Its all official now. I rang up the shop and im picking her up Saturday:2thumb::2thumb:

Itll gimme a chance to set something up.:Na_Na_Na_Na:


----------



## Dan Bristow (Jan 12, 2008)

you say they have one left?can i ask which shop it is as id like to purchase another. i have 2 that are doing well so far. i would keep them warmer than 80 though.these seem to like it warmer than ornata and cranwelli and do best at about 85F,with the chance of a cooler area obviously.


----------



## boipevassu (Aug 6, 2007)

Hi Kelly

Stomach analysis of these frogs in the wild has shown they eat large prey items much more significantly than crickets or earthworms. Vertebrates make up a little more than half of their prey. 3 major food sources were Lizards, Frogs and Mice. Next came grasshoppers at about a fifth of the natural intake. And then crabs (about 10%).

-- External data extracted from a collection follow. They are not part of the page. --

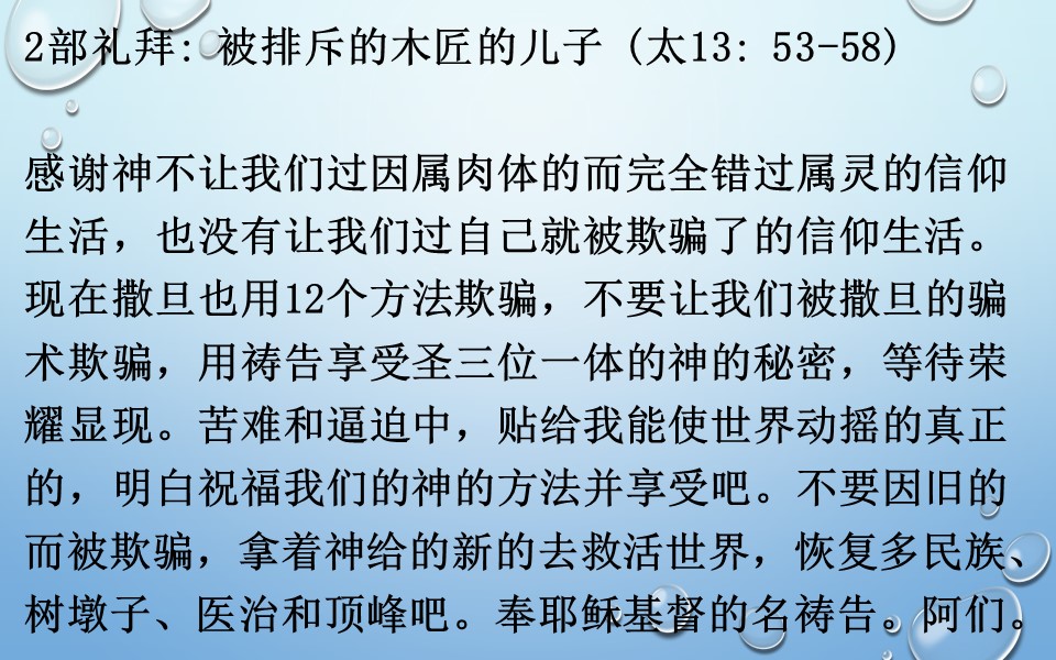 2部礼拜: 被排斥的木匠的儿子 (太13: 53-58)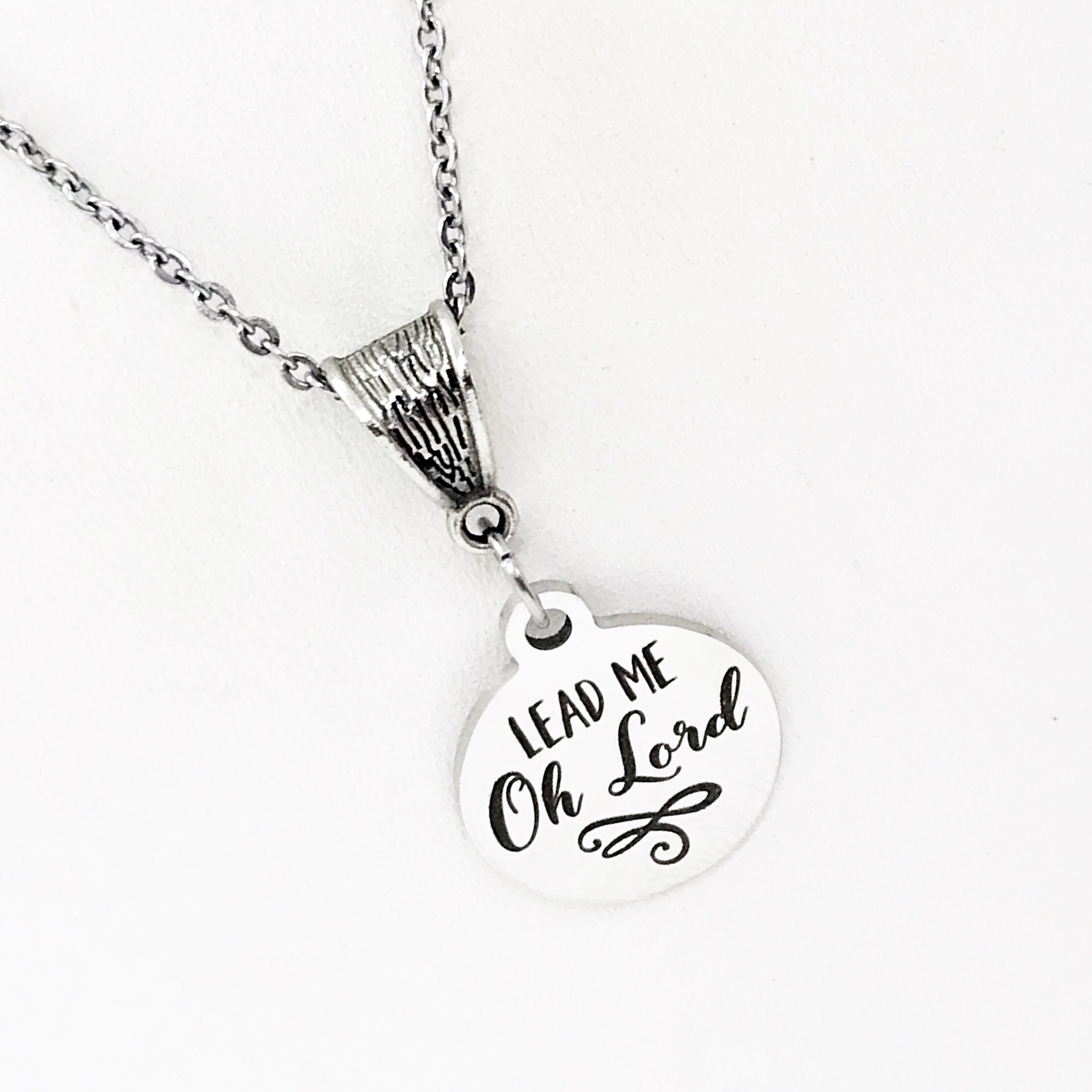The is a beautiful jewelry piece that has a stainless steel laser engraved charm with the following on it “Lead Me, O Lord”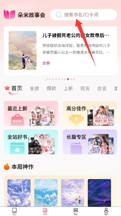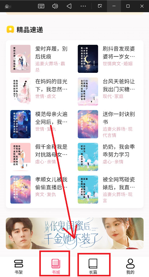 1、打开朵米小说,进入底部的 “书城” 或 “长篇” 页面。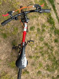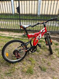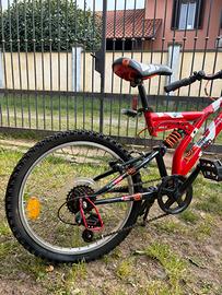 Ammortizzatori: È una bici "full suspended", ovvero biammortizzata. Ha sia la forcella anteriore ammortizzata che un molleggio centrale (l'ammortizzatore a molla arancione sotto il sedile). o Ruote: Sono da 20 pollici, la misura classica per bambini dai 6 ai 9 anni circa (altezza tra 120 e 135 cm).

Having kept these (I currently have 4 well established adults from different sources) I would say that getting them onto larger food items is eventually essential for growth but can be *very difficult*. I still have to tease one of mine to be sure it takes a rat pup reasonably regularly. Some experiences mentioned on here are not an uncommon pattern. The frogs seem to feed quite well on smaller items but suddenly die. In the wild these frogs will eat more or less any prey - starting (believe it or not) with lots of ants if larger items are not available. To maximise their energy use/retention however the frogs need to eat a large meal from time to time.

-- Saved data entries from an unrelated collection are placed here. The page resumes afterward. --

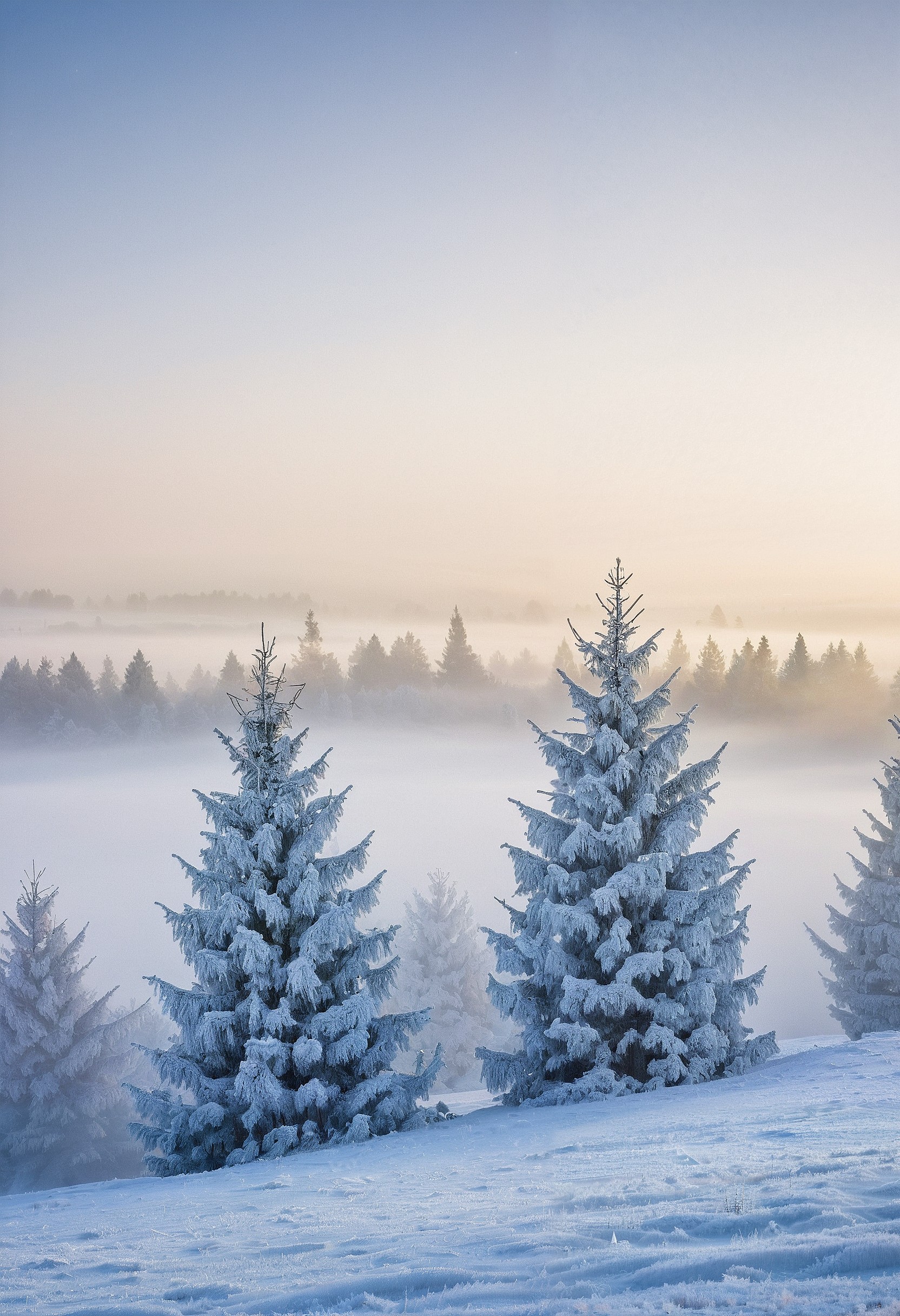 winter landscape with christmas trees frost covered with fog and snow, in the style of zeiss batis 18mm f/2.8, franz sedlacek, tomek setowski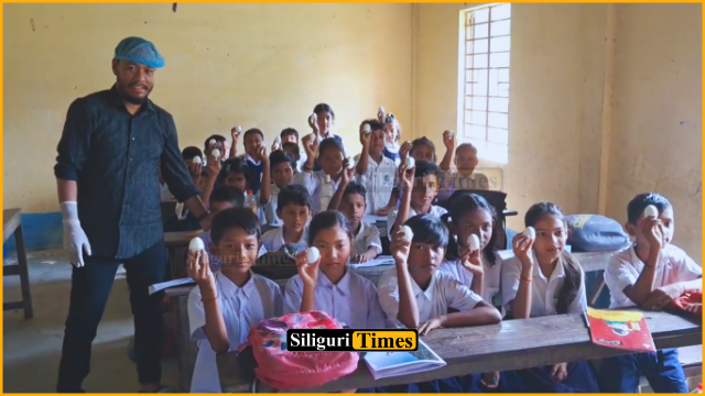 Rajganj, 28th July: Aiming to improve child nutrition, the Rajganj Block Administration took a special initiative on Monday, where nearly 200 students from various rural schools were given boiled eggs. The effort was personally led by Rajganj BDO Prashant Barman, who distributed the eggs by hand. Rajganj Police ASI Bapi Rahman was also present during the event.
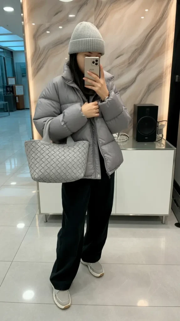 All-gray tones = instant sophistication. Pair a matte-finish puffer with matching beanie, loose black trousers, and understated sneakers. A woven tote adds polish.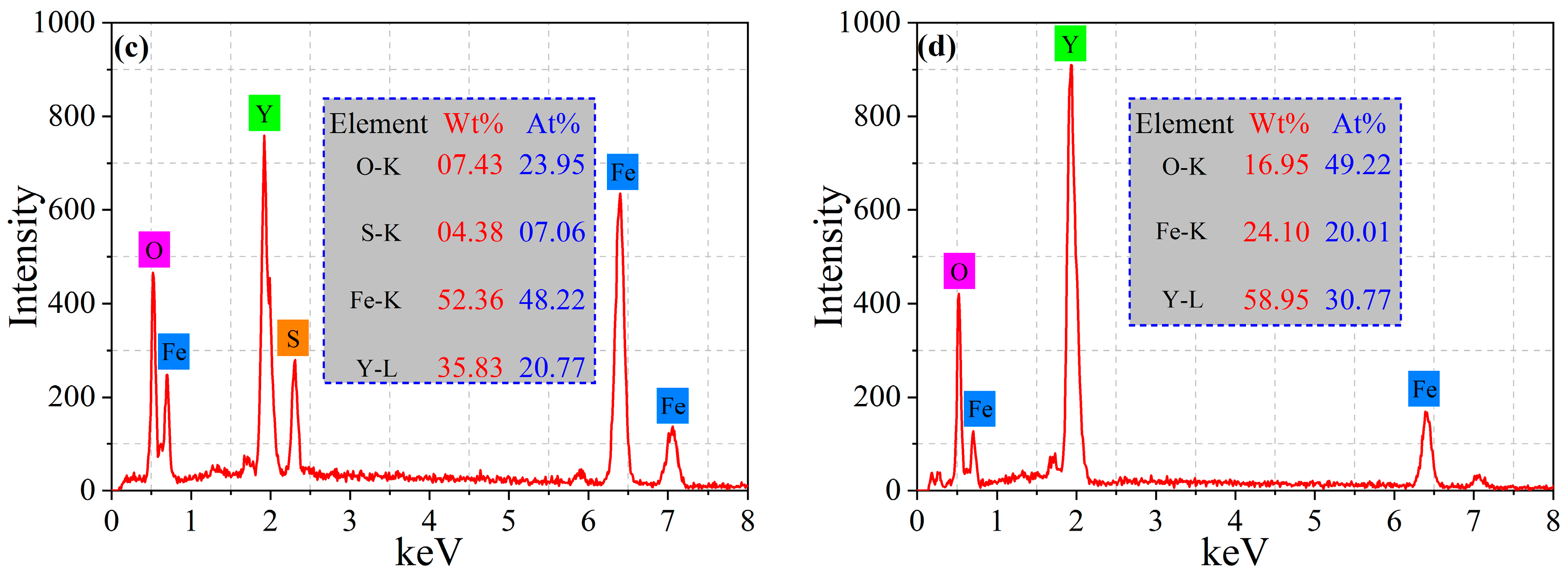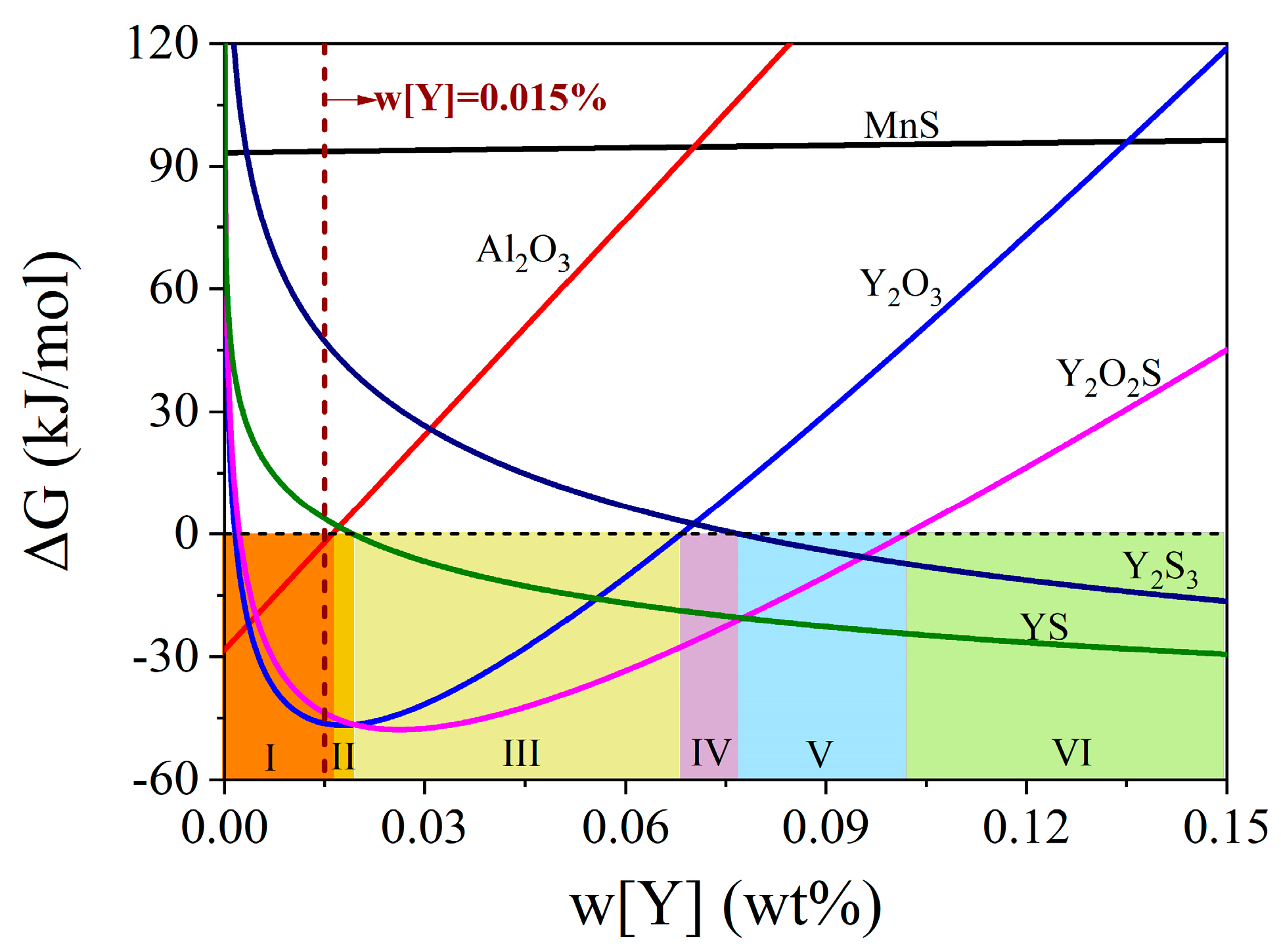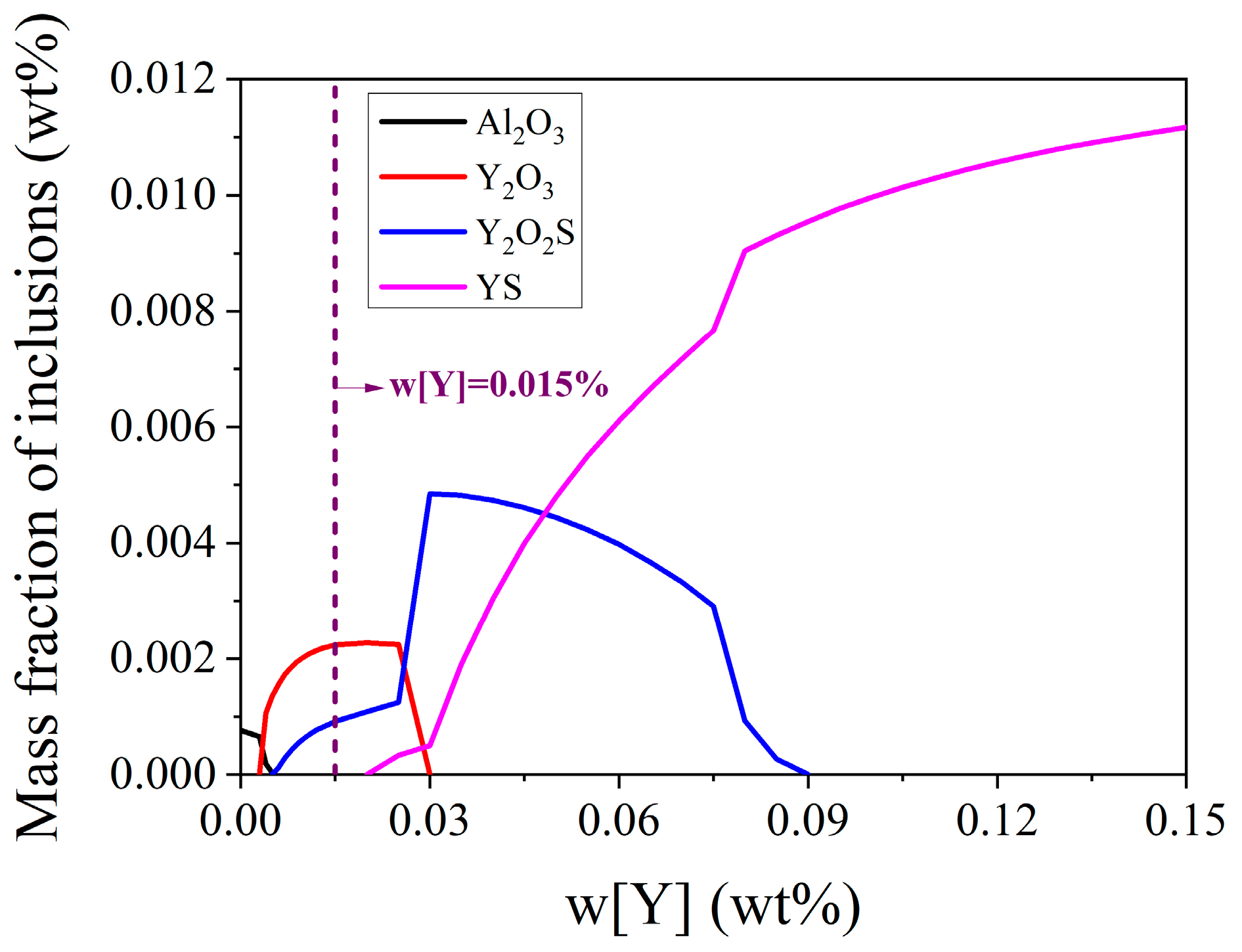 - The thermodynamic theoretical calculation results are essentially in agreement with the experimental observations. After adding rare earth yttrium, the evolution route of inclusions in the steel at 1600 °C is Al2O3→Y2O3 + Y2O2S. As the temperature decreases, YS and Y2S3 gradually precipitate instead of MnS, with Y2S3 mainly precipitating after the steel solidifies.

In short I'd be sure to try to start with frogs you know are feeding, and I would vary the diet but include larger items regularly - which can be a struggle to achieve. 

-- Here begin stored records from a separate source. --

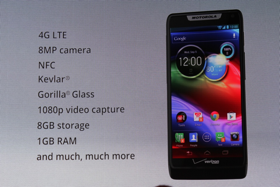 As such, most of the details are already common knowledge, like the inclusion of a 4.3-inch qHD Super AMOLED display, a dual-core 1.5GHz Snapdragon MSM8960 chipset, 1GB of RAM, 8GB of internal storage, and an eight megapixel situated on the phone’s (Kevlar-clad) back. Despite its tiny frame, the RAZR M also sports a 2,000 mAh battery keeping in line with the power management philosophy that Motorola’s Dennis Woodside talked up earlier in the event. Of course, that’s not to say that Motorola has given up on its “durable” angle too — the now-standard Kevlar is a testament to that, as is the fact that the device’s display is coated with a layer of Corning Gorilla Glass.
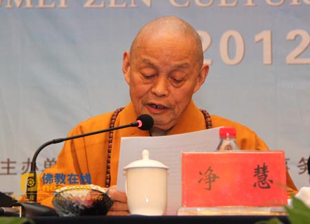中国佛教协会副会长、黄梅四祖寺方丈净慧长老发表讲话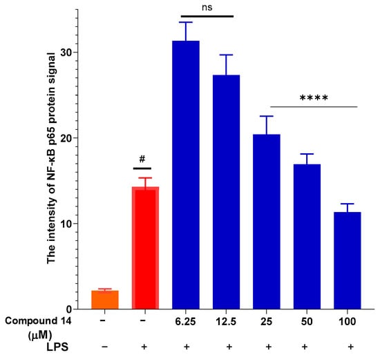 Inhibition of NF-κB p65 nuclear translocation by compound 14: Quantification of nuclear p65 fluorescence intensity. Data points represent individual cells from three independent experiments (total n = 36 cells). Values are mean ± SEM. #: p < 0.05 (compared to cells cultured under normal conditions); ****: p < 0.0001 (compared to cells stimulated with LPS). n.s.: no significant difference.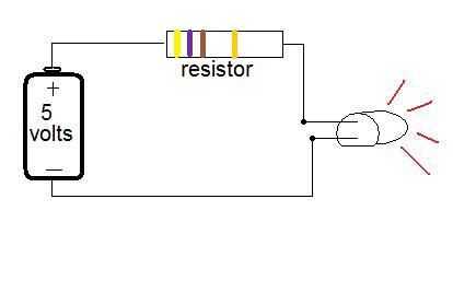 5. el esquema se muestra en la imagen. Es muy simples solo 5 voltios (representados por una batería) conectadas a un resistor y la resistencia para el LED y la pata corta del LED (que también tiene un lugar plano) está conectada a tierra. La resistencia es una resistencia de 470 ohm por lo que las bandas de colores amarillo, morado, marrón, oro.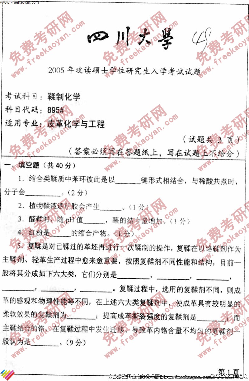 专业课考研经验 本站小编 FreeKaoyan 2018-01-22四川大学2005年考研真题-染整工程
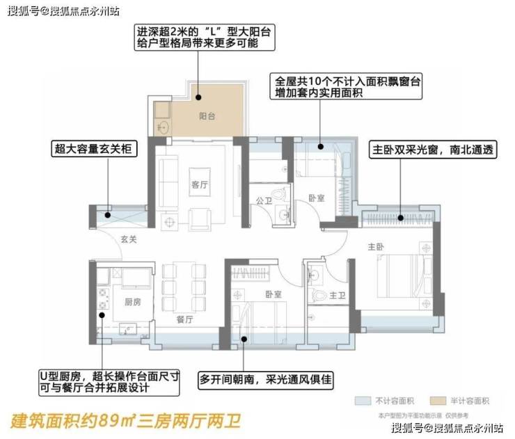 89㎡的3房2厅2卫,折后总价221-243万/套,单价2.48-2.73万/㎡。

They also *need* 85F as mentioned, and seem to benefit, in terms of keeping their appetite and certainly for mating from dry spells during which they have to be carefully monitored.

Hope this helps and good luck!


----------



## knighty (Feb 27, 2008)

why are people buying things without propper planning, unless i have read it wrong there is more than 1 post along the lines of

"And i can never beat temptation i fail really bad at that lol if i see something i like before i know it i am at the till or on the phone"

To be fair the animals need to be going to homes were they are properly researched and set up before poeple even consider buying them. i have been keeping amphibians for about 8 years and even now i still research a new species before keeping it. I have a vast knowledge of most anuras but the difference between knowing about them and caring for them in captivity is 2 different subjects all together.

Shipping a species from germany is not nothing bad at all. alot of uk stockists do it and to be fair as long as it is done correctly its no that much of an issue.


----------



## boipevassu (Aug 6, 2007)

Here is another thread on these from earlier.

http://www.reptileforums.co.uk/amphibians/42187-pac-man-frog.html


----------



## boipevassu (Aug 6, 2007)

And another - hopefully these will give you more clues as to husbandry and level of difficulty.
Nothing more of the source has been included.